I have a mathematical solution but I am not sure if its right.
It's also currently developing on other forum: http://stats.stackexchange.com/questions/272597

1
Entering edit mode

DESeq2's variance model assumes that all conditions have the same variance. This is a standard assumption in ANOVA that simplifies the math and substantially improves power (if the assumption is justified).

Hence, your approach will give you the same value for each condition. Any differences will be merely due to sequencing depth, because this is accounted for individually for each sample.

Some remarks:

1. I would generally advice against "reversing" a tool's calculation by trying to undo the steps that you think the tool did.

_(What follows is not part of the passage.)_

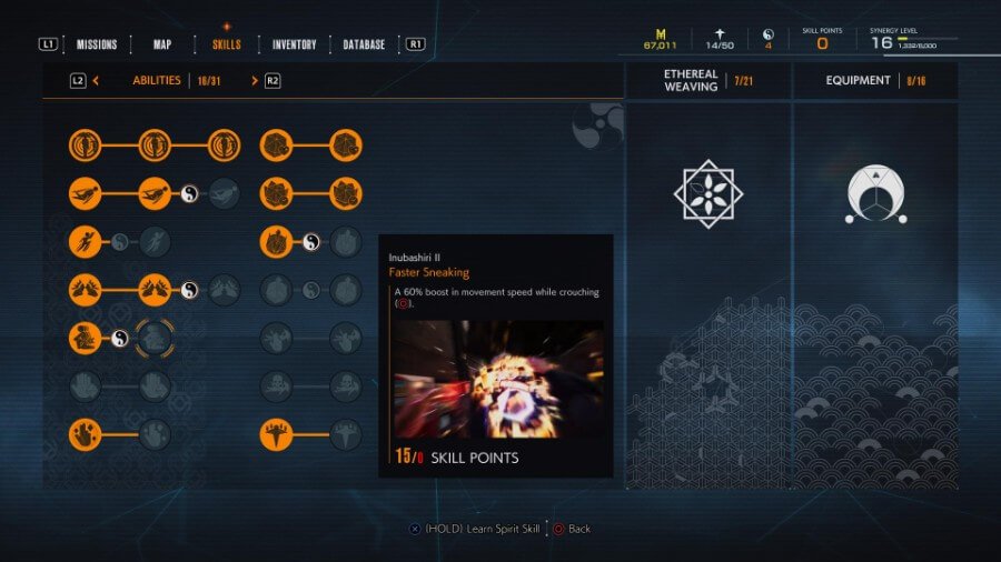 Fudo가 가장 먼저 목표로 삼는 기술 중 하나라면 Inubashiri는 당신이 업그레이드하는 첫 번째 기술. 첫 번째 업그레이드는 은신 속도를 30% 증가시킵니다. 3개의 마가타마를 적용한 후 마지막 업그레이드를 구매할 수 있습니다. 은신 속도 60% 증가.

If you know the steps, you'd be better of doing them forwards, without the tool (or maybe by borrowing code from it), and if you don't know the inner workings of the tool well enough, trying to go backwards will rarely be correct.

2. In DESeq-1, I had estimated dispersions for each condition separately, but we removed this feature in DESeq2 because it is hard to combine with any design more complicated than a simple one-factor design.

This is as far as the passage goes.